And in terms just from the Publishing business, is there -- looking at Rupert's comment that you would expect, I think you said on the call, maybe Dave said it that you thought you'd be relatively similar in profitability year-over-year in fiscal '13. Is that still accurate despite what happened in Q1?

David F. DeVoe

No, I would say that our overall Publishing segment would be down year-over-year.

Operator

That comes from the line of Doug Mitchelson with Deutsche Bank.

Douglas D. Mitchelson - Deutsche Bank AG, Research Division

The [indiscernible] -- it seems like we get a daily email speculating News Corp's going to buy something. Any update on the left [indiscernible] M&A upside that management has right now, especially given the ongoing split process? Then I have a follow-up for Chase.

Chase Carey

No. I mean, there's really not a lot to add to what I just said. We're not -- yes, I agree with you, we are -- there is a daily rumor. And I don't think we're really practically commenting on the daily rumors. So as I said, a lot of them are not true. They're a lot -- the places where we think we should kick the tires on things, and like our places where we think we can add something that makes sense for us. But our focus is really on building or growing our businesses.

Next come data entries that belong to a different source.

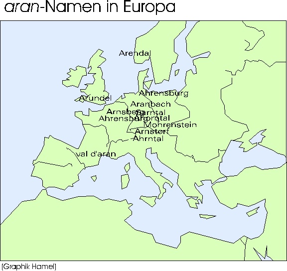 Dasselbe gilt für Ortsnamen, die auf die Wurzel ara, aran zurückgehen. Ara oder aran bedeutet im heutigen Baskisch 'Tal'. Und wie sollte es anders sein, alle Ortsnamen, die diese Wurzel haben, benennen ein Tal.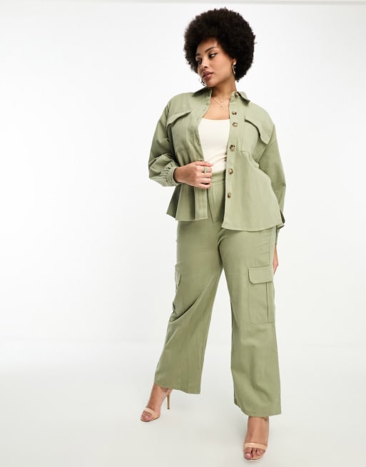 In The Style Plus x Gemma Atkinson – Set aus Utility-Hemdbluse und Hose in Khaki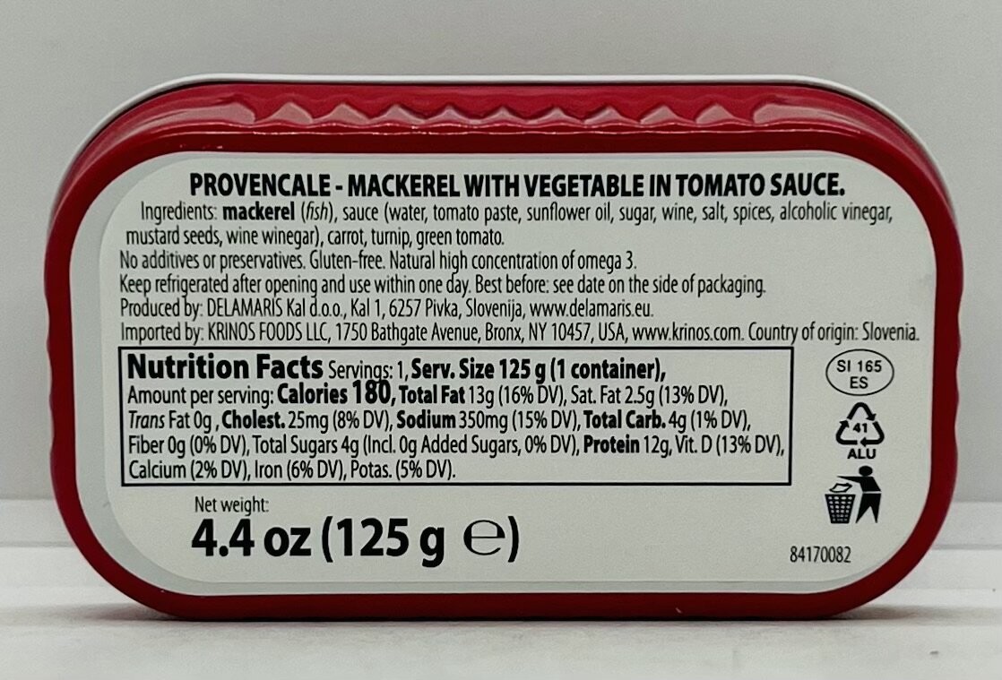 Mackerel (fish), sauce (water, tomato paste, sunflower oil, sugar, wine, salt, spices, alcoholic vinegar, mustard seeds, wine vinegar), carrot, turnip, green tomato.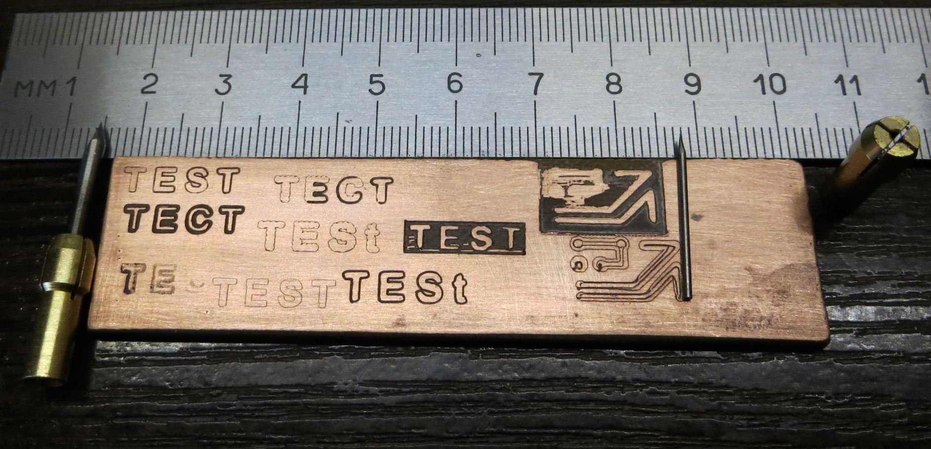 Вот пока фрезы идут заточил сломанное сверло под конус - ну достаточно много времени потратил ..... Потренироваться....Пока разобрался как это всё работает - три раза перетачивал.....Так как либо щупы подцепить забывал, либо неправильно команды давал - короче портил заточку.... Но вот попробовал фольгированный стеклотекстолит програвировать - фрезу выставил как 0,2 мм, а глубины пробовал - ,0,2 мм, 0,15 мм и 0,1 мм. 0,1 -не берёт, 0,2 как бы глубоко уже.... 0,15 нестабильно с этой фрезой работает....

Douglas D. Mitchelson - Deutsche Bank AG, Research Division

Yes. Sorry if I missed that if you already answered to that. So, Chase, maybe this question is a bit unfair, but can you talk -- in answer to Jessica's question about how the TV business seems to change to capture monetization of usage of the most -- more from iBroadcast down demand streams. And we've been hearing this from sort of all media managements for a couple of years now. Why is it so hard to change TV business, and how big a priority is it for News Corp. right now? Is that this year's problem? Next year's problem? Any sort of context around the pace of change would be helpful.

Chase Carey

Well, I mean, I do think business has changed. I mean, I guess, look, one of the things I cited that is important to deal with the world we're in is making sure you're building dual revenue businesses that are not solely dependent on advertising. They have the other leg of subscription revenues. And certainly, our growth of retransmission speaks to it. So I think there are aspects to it. We actually today are monetizing our digital viewership in ways we weren't a year ago, so we're doing some of that. We are working with Nielsen, as you said, to continue to expand the measurement tools. Things like TV Everywhere, as our transactions come up, I think are ways for us to create, and we're putting that I've said before and we're probably still say -- we're somewhat frustrated by the speed or the lack thereof of growth and implementation and execution of TV Everywhere. But certainly it's moving forward, and I think that's important as a business model. Hulu, we're taking, we're taking Hulu Plus, which is a way to monetize and sort of create revenues for accessing content to mobile platforms. So I actually do think we're doing things. We're not -- we've got a lot more to do and clearly a lot of opportunities that we still have to develop. But -- and we're not where we should be on some things like TV Everywhere. So I'll acknowledge it's -- there's work to do. But I think we've got a lot going on, and I think we've made real headway on a number of fronts.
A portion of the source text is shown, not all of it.